Why? Because the writer is entitled to it because of all their hard work in writing it? If something is bad, it's bad. It's dishonest to say otherwise. A book has to earn positive commentary by doing something well, and if that something is trivial in light of its faults then what's the point in mentioning it? "This book is racist, but kudos to the writer for the correct use of the subjunctive." It' making one equivalent with the other, and that's just plain wrong. (I'm not, of course, saying that anyone actually does do this in reviews - it's to illustrate my point.)


----------



## Nerds_feather

Teresa Edgerton said:


> Then stick around here, Colum, and see if you like it.  It's as near to risk free as you'll find on the internet.  We don't allow hate-speech.  Sometimes our debates can become heated, but that's as far as it goes.  Anything that goes beyond the bounds of civil discourse gets shut down or removed.
> 
> All the same, we manage to have lively discussions, representing a variety of viewpoints.



seconded. this place is awesome. i've never encountered such a genial and respectful bunch of people in an internet forum. i was almost taken aback at first...such a pleasant shock.


----------



## allmywires

iansales said:


> Why? Because the writer is entitled to it because of all their hard work in writing it?



Honestly, I think so. Though it doesn't make me right, of course, but the writer must have done _something_ right in getting her book published. (Unless she self-published, which would explain why no editor/agent has picked up on the achingly obvious racism the book exhibits).

However, the woman who writes the RH blog is not the only person in the world to see this book is bad - so I don't see why we should give her credit for being frankly quite so unpleasant and smug about it.


----------



## Nerds_feather

iansales said:


> You don't think a book in which whites are called "pearls" and blacks are called "coals", in which a black male is described as "beastly" and bestial", in which a white character adopts blackface - in the book and in book trailers - you don't think this is racist?

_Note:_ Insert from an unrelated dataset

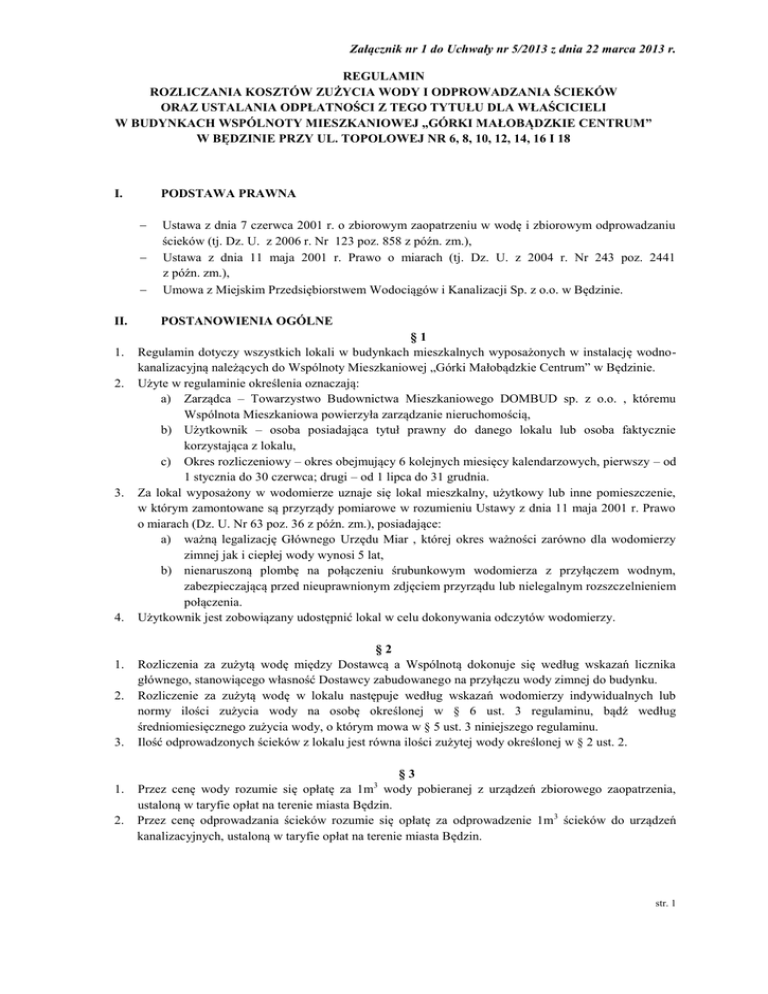 Załącznik nr 1 do Uchwały nr 5/2013 z dnia 22 marca 2013 r. REGULAMIN ROZLICZANIA KOSZTÓW ZUŻYCIA WODY I ODPROWADZANIA ŚCIEKÓW ORAZ USTALANIA ODPŁATNOŚCI Z TEGO TYTUŁU DLA WŁAŚCICIELI W BUDYNKACH WSPÓLNOTY MIESZKANIOWEJ „GÓRKI MAŁOBĄDZKIE CENTRUM” W BĘDZINIE PRZY UL. TOPOLOWEJ NR 6, 8, 10, 12, 14, 16 I 18 I. PODSTAWA PRAWNA II. 1. 2. 3. 4. 1. 2. 3. 1. 2. Ustawa z dnia 7 czerwca 2001 r. o zbiorowym zaopatrzeniu w wodę i zbiorowym odprowadzaniu ścieków (tj. Dz. U. z 2006 r. Nr 123 poz. 858 z późn. zm.), Ustawa z dnia 11 maja 2001 r. Prawo o miarach (tj. Dz. U. z 2004 r. Nr 243 poz. 2441 z późn. zm.), Umowa z Miejskim Przedsiębiorstwem Wodociągów i Kanalizacji Sp. z o.o. w Będzinie. POSTANOWIENIA OGÓLNE §1 Regulamin dotyczy wszystkich lokali w budynkach mieszkalnych wyposażonych w instalację wodnokanalizacyjną należących do Wspólnoty Mieszkaniowej „Górki Małobądzkie Centrum” w Będzinie. Użyte w regulaminie określenia oznaczają: a) Zarządca – Towarzystwo Budownictwa Mieszkaniowego DOMBUD sp. z o.o. , któremu Wspólnota Mieszkaniowa powierzyła zarządzanie nieruchomością, b) Użytkownik – osoba posiadająca tytuł prawny do danego lokalu lub osoba faktycznie korzystająca z lokalu, c) Okres rozliczeniowy – okres obejmujący 6 kolejnych miesięcy kalendarzowych, pierwszy – od 1 stycznia do 30 czerwca; drugi – od 1 lipca do 31 grudnia. Za lokal wyposażony w wodomierze uznaje się lokal mieszkalny, użytkowy lub inne pomieszczenie, w którym zamontowane są przyrządy pomiarowe w rozumieniu Ustawy z dnia 11 maja 2001 r. Prawo o miarach (Dz. U. Nr 63 poz. 36 z późn. zm.), posiadające: a) ważną legalizację Głównego Urzędu Miar , której okres ważności zarówno dla wodomierzy zimnej jak i ciepłej wody wynosi 5 lat, b) nienaruszoną plombę na połączeniu śrubunkowym wodomierza z przyłączem wodnym, zabezpieczającą przed nieuprawnionym zdjęciem przyrządu lub nielegalnym rozszczelnieniem połączenia. Użytkownik jest zobowiązany udostępnić lokal w celu dokonywania odczytów wodomierzy. §2 Rozliczenia za zużytą wodę między Dostawcą a Wspólnotą dokonuje się według wskazań licznika głównego, stanowiącego własność Dostawcy zabudowanego na przyłączu wody zimnej do budynku. Rozliczenie za zużytą wodę w lokalu następuje według wskazań wodomierzy indywidualnych lub normy ilości zużycia wody na osobę określonej w § 6 ust. 3 regulaminu, bądź według średniomiesięcznego zużycia wody, o którym mowa w § 5 ust. 3 niniejszego regulaminu. Ilość odprowadzonych ścieków z lokalu jest równa ilości zużytej wody określonej w § 2 ust. 2. §3 Przez cenę wody rozumie się opłatę za 1m3 wody pobieranej z urządzeń zbiorowego zaopatrzenia, ustaloną w taryfie opłat na terenie miasta Będzin. Przez cenę odprowadzania ścieków rozumie się opłatę za odprowadzenie 1m 3 ścieków do urządzeń kanalizacyjnych, ustaloną w taryfie opłat na terenie miasta Będzin. str. 1 Załącznik nr 1 do Uchwały nr 5/2013 z dnia 22 marca 2013 r. III. 1. 2. 3. 1. 2. 3. 1. 2. 3. 1. 2. 3. ZASADY ROZLICZANIA WODY ZUŻYTEJ W LOKALACH I ODPROWADZANIA ŚCIEKÓW §4 Odczyty wskazań wodomierzy wody zimnej w lokalach realizuje się w 6-miesięcznych okresach przez upoważnione przez Zarządcę osoby. Odczytów dokuje się z dokładnością do pełnych m3. W przypadkach, gdy zachodzi uzasadnione podejrzenie w związku z prawidłowością dokonanego odczytu bądź funkcjonowania wodomierza w lokalu, Zarządca może bez uprzedniego ustalania terminu z użytkownikiem dokonywać niezapowiedzianych odczytów i kontroli sprawności wodomierzy przez upoważnione przez Zarządcę osoby. §5 Rozliczenie zużycia wody zimnej i odprowadzania ścieków odbywa się dwa razy do roku: na koniec czerwca i na koniec grudnia każdego roku kalendarzowego i zostaje dokonane nie później niż w ciągu miesiąca od dokonanego odczytu. Pismo informujące o wysokości nadpłaty/niedopłaty zostaje dostarczone do skrzynki pocztowej Użytkownika. W przypadku niezawinionego przez Użytkownika uszkodzenia wodomierza, podstawą rozliczenia zużycia wody za okres między ostatnim odczytem wskazań, a wymianą przyrządu na nowy, będzie średniomiesięczne zużycie w poprzednim okresie rozliczeniowym. Rozliczenie zużycia wody w przypadku: a) nieudostępnienia lokalu do odczytu przez dwa kolejne okresy rozliczeniowe, b) utraty ważności cechy legalizacyjnej, o której mowa w § 1 ust. 3 pkt. a), przez wodomierz w lokalu, c) stwierdzenia zamierzonego działania Użytkownika w celu zafałszowania wskazań wodomierza, d) uszkodzenia plomby montażowej założonej na połączeniu wodomierza z przyłączem wody, za okres od ostatniego odczytu do dnia, w którym nastąpi ustanie przyczyny podanej wyżej, dokonane zostanie według przyjętej normy ilości zużycia wody. Norma zużycia dla lokali mieszkalnych wynosi 7 m3 miesięcznie na każdą osobę faktycznie zamieszkałą w lokalu, która po okresie rozliczeniowym może ulec zmianie. §6 Opłaty za wodę i odprowadzanie ścieków wraz z pozostałymi opłatami za używanie lokalu Użytkownik wnosi w formie miesięcznych zaliczek rozliczanych w okresach półrocznych. Wysokość miesięcznej zaliczki za wodę i odprowadzanie ścieków odpowiada iloczynowi przyjętej miesięcznej normy zużycia wody (3,5m3) i ilości osób faktycznie zamieszkujących w lokalu. Wysokość zaliczki – na pisemny wniosek Użytkownika – może ulec zwiększeniu bądź zmniejszeniu począwszy od miesiąca następującego po miesiącu, w którym nastąpiło złożenie wniosku. Normę zużycia wody w lokalach nieopomiarowanych (brak wodomierza) ustala Zarządca w wysokości 10m3. §7 Rozliczeniu podlegają rzeczywiste koszty poniesione w nieruchomości w danym okresie rozliczeniowym, stanowiące sumę kwot z faktur wystawionych przez dostawców za dostawy wody i za odprowadzanie ścieków wraz z należnymi opłatami a

I just want to point out something with regards the context of *Save the Pearls,*...and that's the paranoid fear of being "outbred" that you hear from white supremacists in the US, and various racists and ultranationalists in all kinds of other settings (in the 80s and 90s, Serbian radical nationalists talked about Kosovo Albanians like this, the far right in Israel talks about Palestinians like this, Filipino Catholics talk about Moro Muslims like this, etc.). To base a book around this is, at the least, ignorant of the history of racism and was the first thing to strike the alarm bells in my head when I heard about it.


----------



## iansales

allmywires said:


> Honestly, I think so. Though it doesn't make me right, of course, but the writer must have done _something_ right in getting her book published. (Unless she self-published, which would explain why no editor/agent has picked up on the achingly obvious racism the book exhibits).



I don't know, I've seen published books that baffle me as to how they got published. I mean, what exactly did Pudsey the dog do right to land a £300k advance for an "autobiography"?



allmywires said:


> However, the woman who writes the RH blog is not the only person in the world to see this book is bad - so I don't see why we should give her credit for being frankly quite so unpleasant and smug about it.



I'm not giving her credit solely for her review of this one particular book. I'm saying that it surprises me people are siding with her detractors, even though their language has been worse. I'm saying it surprises me that people can't see beyond how she says something to what she says.


----------



## allmywires

iansales said:


> I'm saying it surprises me that people can't see beyond how she says something to what she says.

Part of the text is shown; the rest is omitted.